I'll try to summarize it a bit under the spoiler tag for those who are unable to listen to it.

Trigger Warning: Rape and abuse.
 

Spoiler

 

{Note: I'm doing this from memory after listening to each segment once, and I'm skipping over a lot of the discussion of what motivates beliefs, what constitutes spiritual abuse, etc., so keep in mind that it's far from a verbatim transcript. I apologize in advance for anything I'm sure to misremember. Again, I encourage everyone to give it a listen if they can.}


Norm & Alma Wakefield, Alyssa's father and mother, were originally public school teachers.  They were "saved later in life" (which seems to be age 30 in their case), when Alyssa was 3 or 4.  She feels that a lot of young boomer parents in the 70s felt shame over the lifestyles they'd previously led, and latched on to the evangelical movement in an effort to keep their children "safe" from similarly damaging influences.  Alyssa grows up in southern California.

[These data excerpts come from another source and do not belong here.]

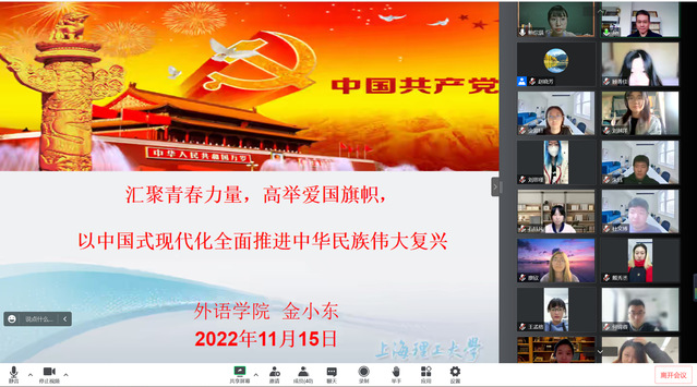 1115日,taptap点点官方网站第51期入党积极分子培训班第三讲由学院党委副书记金小东老师主讲,本次党课主题为:“汇聚青春力量,高举爱国旗帜,以中国式现代化全面推进中华民族伟大复兴”。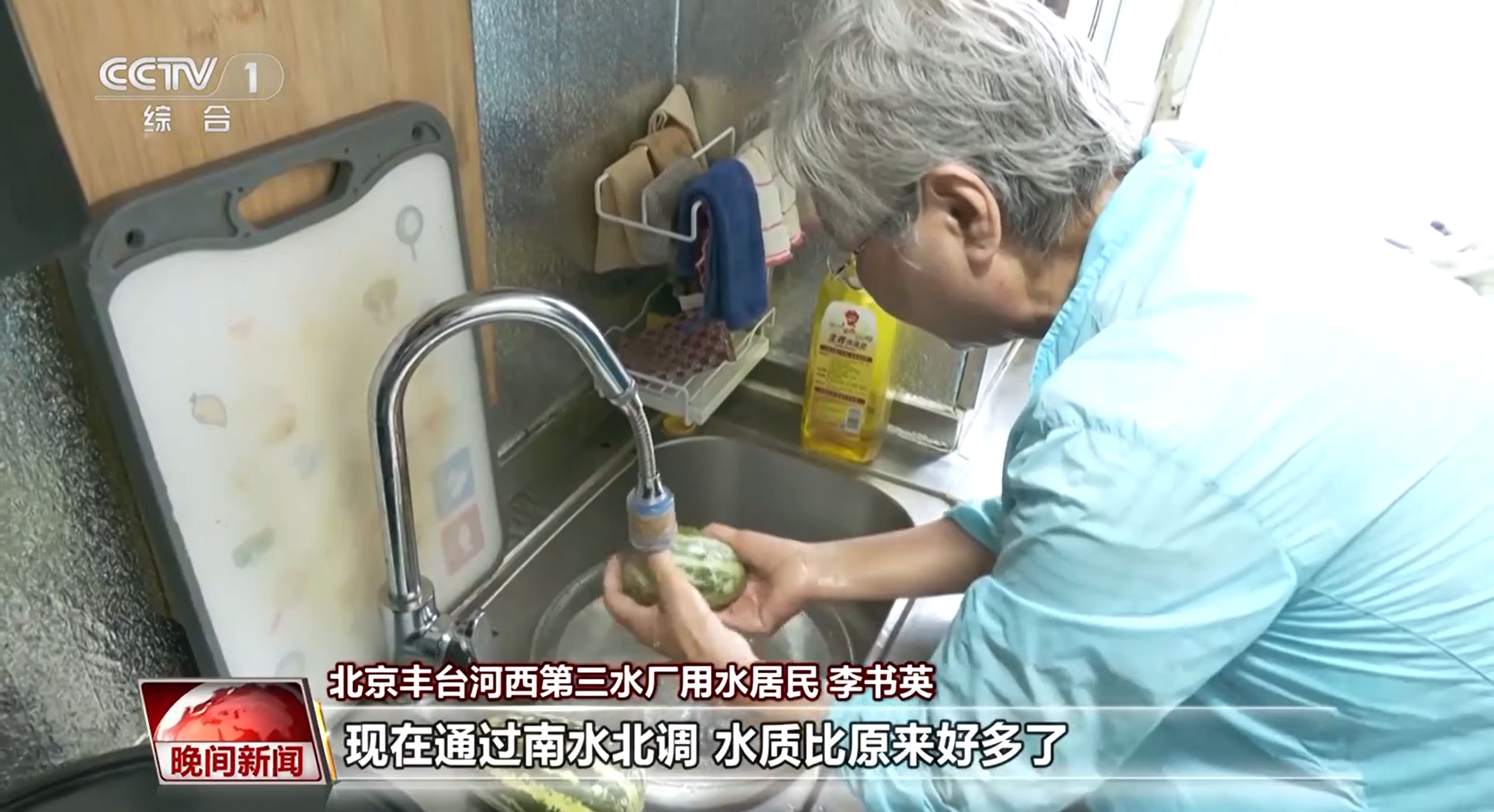 北京豐臺(tái)河西第三水廠用水居民 李書英:我們?cè)瓉恚┧臅r(shí)候,用那水壺(燒)開了(水)以后還得沉淀,沉淀十幾分鐘以后再灌暖壺,但是暖壺里水堿也特別多,現(xiàn)在通過南水北調(diào),水質(zhì)比原來好多了,水堿比原來大大減少。
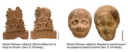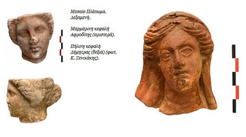 Le fond de la citerne était recouvert d’une couche argileuse qui a révélé un seau en bronze avec des poignées en argent. La couche suivante était sableuse et contenait de nombreux tessons de céramique (de la céramique commune, surtout de petites cruches) et représente la dernière période d’utilisation de la citerne à l’époque romaine. Le remplissage de la citerne comportait de nombreux blocs provenant de l’élévation de l’édifice adjacent, comme des antéfixes à fleurons (fig. 3), des fragments de chapiteaux et de tambours de colonnes doriques. On a recueilli de nombreux fragments de sculpture en marbre, notamment deux têtes d’enfant (un garçon et une fille, de l’époque classique ; fig. 3), une petite tête d’Aphrodite de l’époque hellénistique et une petite tête de Déméter provenant d’une grande figurine de la fin de l’époque classique (fig. 4). L’identification du sanctuaire au culte d’Asclépios et à celui d’Aphrodite est confirmée. Le culte des dieux de Samothrace est également attesté par l’épigraphie.

The Wakefields were heavily into James Dobson's Focus on the Family, and later Bill Gothard's teachings.  She talks about how the concept of "child training" became a hot topic among evangelicals in the late 70s and early 80s.  Alyssa describes being 4 years old, and insisting (as a little kid might do) that she wanted to wear her favorite raincoat to church, even though it wasn't raining. This led to an hour long spanking, the first that she remembers.  She also mentions that discipline sessions like that would end with forced hugs, which the child wasn't allowed to refuse any more than they could the spanking.  She talks about how it was used to break down the will of the child (she was viewed as particularly "strong willed" by her parents), and about how things like the post-discipline hugs, which were accompanied by "I do this because I love you" led to a lack of personal autonomy and agency.  Spankings "for disobedience" continued until she was 13 or 14.

There's discussion of how people were attracted to movements like Gothard's because he encouraged even stricter parental control than Dobson did.  Alyssa doesn't consider her father a cruel man by nature, but believes that abuse is basically inevitable in a patriarchal environment where the father is supposed to control/direct every aspect of the family, both in practical matters and in spiritual ones.  The courtship model was also something that came from Gothard, as Dobson allowed dating, albeit with the caveat that it had to be approved by the parents.

Her family were part of the very early stages of the homeschool movement.  Alyssa's parents decided to do so partly out of the belief that they could provide a much better education than their children would receive in the public school system, which Norm and Alma had taught in and were not impressed by.  They took homeschooling very seriously when the children were young, setting up a schoolroom in a spare bedroom (real school desks, maps on the walls, beginning the day with the Pledge of Allegiance), but also decided that Alyssa's education was over at age 16, because as a wife and mother she wouldn't need more than that (despite the fact that she would be expected to homeschool her own children).

In her early teens, Alyssa begged her parents to be allowed to go to college.  She wanted be a designer and start her own business.  Her parents, both college educated themselves, shut this down completely, telling her the only fulfillment she needed would come from marriage and children.  In the meantime, they made sure she was further isolated, closing off any chance at outside influences, even making their daughters quit a Christian youth group "because there were boys there".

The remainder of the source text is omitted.